10 February 2007

Glen Breton

I was reminded last night of just how small a town Steepleton still is compared to the emerging Calcutta that is Greater Dope City. Henrik, who is down from 69 Mile House to write stories about the Picton trial and the top notch decadence of a Dope City nobody up north likes to visit much any more for the 69 Mile House Howler, ran out of scotch. I had only had about eight beer so I volunteered to drive him to the Booze Store in River City, not far from Bjorn's place, where we were making merry.

This Booze Store is twice as big as the rinky-dinky one back in Steepleton. I had never seen so much alcohol in one place. But we had come to the store to pick up a bottle of scotch so that is what we did. After Henrik picked out his bottle we admired the pricier brands and debated their drinking value. Henrik told me, "There's this whisky I hear they make in Cape Breton that may be every bit as good as scotch. I wonder if they have any?"

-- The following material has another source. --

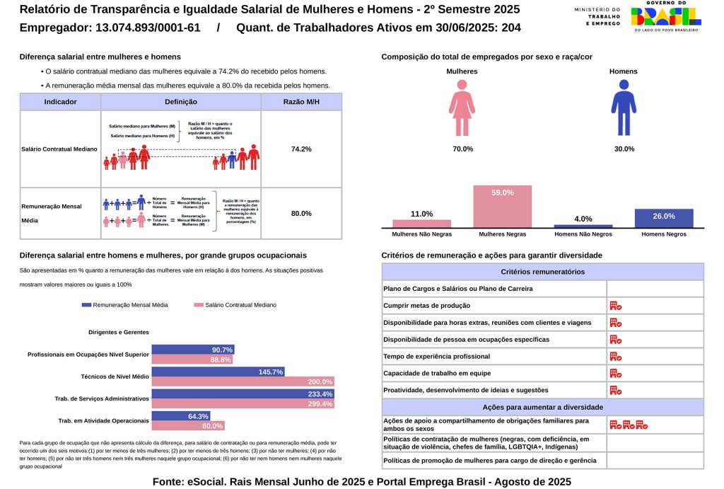 Emprega Brasil disponibilizou o relatório com informações sobre a transparência salarial e de critérios remuneratórios, conforme a Lei de Igualdade Social. A iniciativa busca garantir a igualdade salarial entre homens e mulheres levando em conta parâmetros como transparência salarial, fiscalização contra a discriminação e apoio à capacitação de mulheres. Confira os dados do relatório.

There were hundreds of different scotches. Now that we have these fancy pants warehouses of booze I am slowly making my way through all the different scotches for sale. To this day my favourite scotch is still Mortlach, which I drank by the case in the long gone days of affordable single malts.

As we looked Henrik told me the Scots are pissed off at the gall of Cape Bretoners ("Colonials!") selling something they claim to be as good as real whisky from Scotland. I figure fuck the Scots; Canada is more Scottish than that bunch of kissers of English ass anyway. Canada on the rocks. Has a nice ring to it if you ask me.

Sure enough they had one bottle packaged in its own little coffin-like box. I grabbed the bottle from the shelf and paid for it. I do not think I will be testing until a special occasion comes along but it sure does look like 43% sweet raspberry honey in the bottle.

When we got back to Bjorn's place everybody was deep into a game of Pick Two.
As we sat down to join the fun and have a few more drinks Bjorn leaned over and farted big, loud and smelly in Sonja's direction. Sonja wrinkled up her little nose and asked, "Why do men always have to aim their fucking fart at you?"

As we played Pick Two I found I was none too good at the game. I was too slow and drunk so I started glancing at the form of the horses in today's races at Santa Anita as I halfheartedly played along. I believe Wilko will do a little showing off in the fifth this afternoon at what should be a fair price.